Защита и расширение жизни, а постольку и частичное ее воскрешение и составляет содержание хозяйственной деятельности человека. Это активная реакция жизнетворного принципа против смертоносного. Это - работа Софии над восстановлением мироздания, которую ведет она чрез посредство исторического человечества, и ею же устанавливается сверхсубъективная телеология исторического процесса. Мир как София, отпавший в состояние неистинности и потому смертности, должен снова приходить в разум Истины, и способом этого приведения является труд, или хозяйство.
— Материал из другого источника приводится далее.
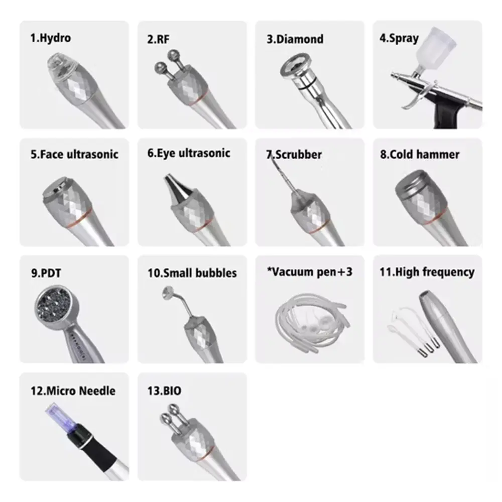 Hydro Facial Probu: Vakum ve suyu birleştirerek gözenekleri sebum, siyah nokta ve ölü hücrelerden arındırır. Aynı anda cilde solüsyon infüzyonu yaparak nem dengesini sağlar.
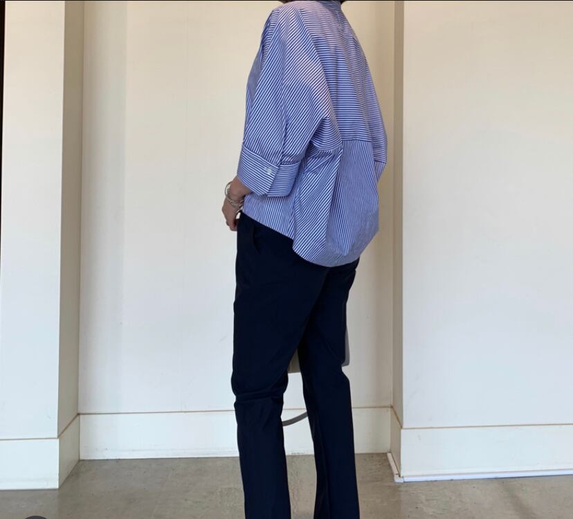 フロントはショート丈、バックは気になる腰回りが隠れる着丈なので、ワイドパンツなどのボリュームボトムスから、テーパードパンツ、ジョグパンツまで相性抜群です♪
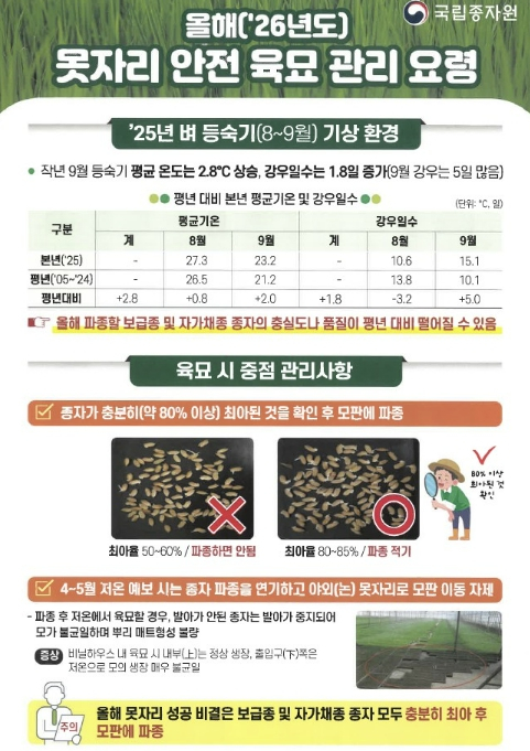 봉화군은 본격적인 벼 농사 시기를 맞아 키다리병, 도열병 등 종자 전염 병해충 예방을 위한 ‘벼 종자소독 및 안전 육묘 관리’ 홍보와 현장 지도에 총력을 기울이고 있다.지난해 9월 등숙기 평균 기온이 평년 대비 2.8℃ 상승하고 강우 일수가 5일 증가하는 등 기상 환경이 좋지 않아 올해 파종할 보급종 및 자가채종 종자의 충실도가 평년보다 떨어질 것으로 예측된다. 이에 철저한 종자 소독과 육묘 관리가 절실한 시점이다.벼 종자소독은 크게 온탕소독과 약제소독으로 나뉜다. 온탕소독은 60℃의 물에 종자를 10분간 담근 후 즉시 찬물에 10분 이상 식혀야 하며, 온도와 시간 미준수 시 발아율이 떨어질 수 있어 각별한 주의가 필요하다. 약제소독은 소독 약액을 30~32℃의 온도로 유지하며 24~48시간 동안 침지해야 효과를 극대화할 수 있다.또한, 종자 개별로 싹을 1~2mm 길이로 충분한 싹을 틔워주고, 발아가 총 80%이상 된 것을 확인 후 파종하여야 안전한 육묘가 이루어질수 있다.신종길 농업기술센터 소장은 “지난해 불량한 기상 여건으로 종자 활력이 떨어질 수 있는 만큼, 철저한 종자 소독과 80% 이상 최아 후 파종하는 것이 올해 농사의 성패를 가를 것”이라며 “지속적인 모니터링을 통해 적기 파종과 안전 육묘가 이루어질 수 있도록 최선을 다하겠다”고 전했다.
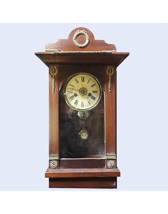 Caixa fabricada en fusta massissa tallada a mà. Rellotge de corda i pèndol, dóna les hores i les mitges hores. Té despertador, sense funcionar. Revisat i funcionant correctament.
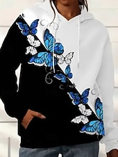 More information about Women's Pullover Hoodie Sweatshirt Floral Butterfly Streetwear Casual Long Sleeve Hooded Regular Tops Holiday Going out Pocket Print Black White Blue Light Blue Fall Winter

Если самость в человеке может быть исторгаема и побеждаема лишь трудом его над самим собой или религиозным подвигом, то самость, в природе побеждается трудом хозяйственным, в историческом процессе. Поэтому окончательная цель хозяйства - за пределами его, оно есть только путь мира к Софии осуществленной, переход от неистинного состояния мира к истинному, трудовое восстановление мира.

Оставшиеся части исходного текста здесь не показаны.